We’re only a few weeks away from Spring Break, which means plenty of students have already fallen behind on their coursework. It’s important that you evaluate how your grades are right now. Don’t wait until two weeks before your final exam to calculate your expected grade and realize you need to make a 110 on the final to pass the class. It’s still early enough in the semester for you to course-correct and possibly greatly improve your grade, as well as learn the material better.
Just as I said in my blog “How to cram for final exams,” I don’t recommend you get to a point where you need to catch up. If you work diligently from the very beginning and manage your time well, you should be fine. But I know that life circumstances – sickness, family emergencies, and more – can intrude and disrupt even the best-laid plans.
So my advice is always to stay ahead, but I asked a few of our HBU faculty and staff members what advice they had for students who were behind. Their wise answers come from years of experience teaching and mentoring students.
Don’t panic. Commit to catching up instead of giving up.

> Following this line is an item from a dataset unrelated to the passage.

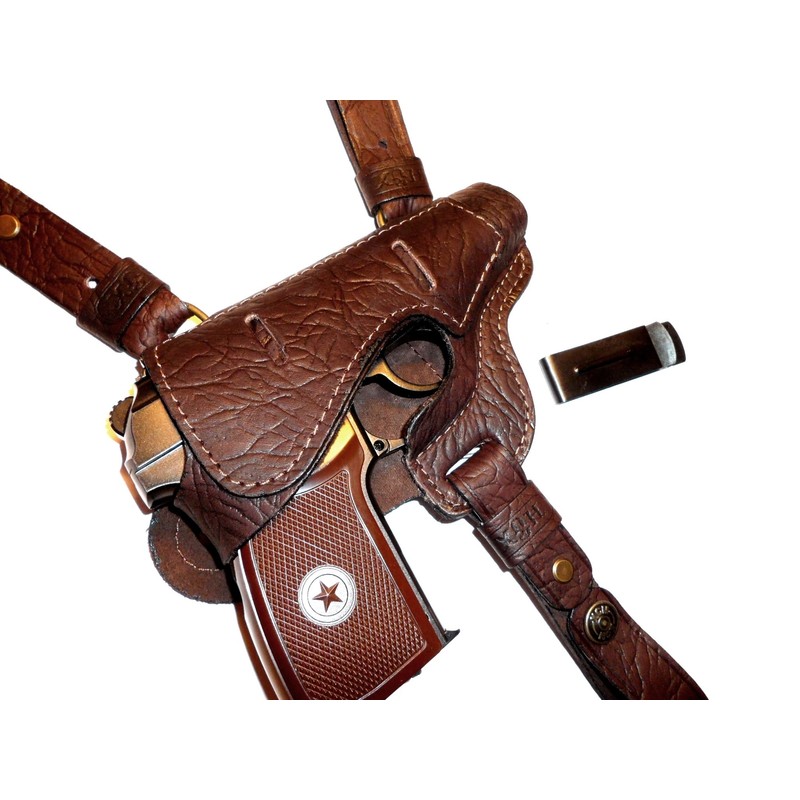 - Shoulder gun holster. Genuine leather. Horizontal or vertical position carry. Adjustable shoulder straps.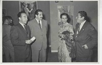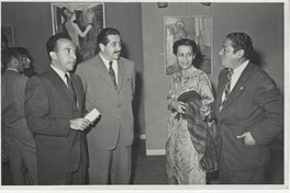 Nicomedes Guzmán en una exposición de arte [Fotografía]. [Santiago, Chile] ; [Producción no identificada], cerca de 1955. 1 fotografía : Monocromo blanco y negro, papel brillante ; 11,3 x 17,3 cm. .

Refuse to panic or throw in the towel! – Dr. Katie Alaniz, College of Education and Behavioral Sciences
Just do it…stop putting it off. – Dr. Lesli Fridge, College of Education and Behavioral Sciences
Build a strategy for catching up.
1. Evaluate the situation. How far behind are you?
Make a list of all the coursework you need to catch up on. Prioritize this list – take into consideration due dates, major assignments, tests, and coursework that is weighted heavier than others. Check your syllabus for this information! – Cassie Sorrell, Campus Recreation
2. Talk to your professor.
Reach out to your professor to explain the circumstances that contributed to you falling behind and collaboratively create a plan to catch up on missed assignments. – Dr. Katie Alaniz
Students should always speak with their professors early if they find themselves falling behind. This is a compounding problem and even though students do a great deal of work, they often find they can’t ever catch up. Your professor should be able to help you come up with a plan. – Dr. Matt Boyleston, School of Fine Arts
3. Set achievable goals for both your time and assignments.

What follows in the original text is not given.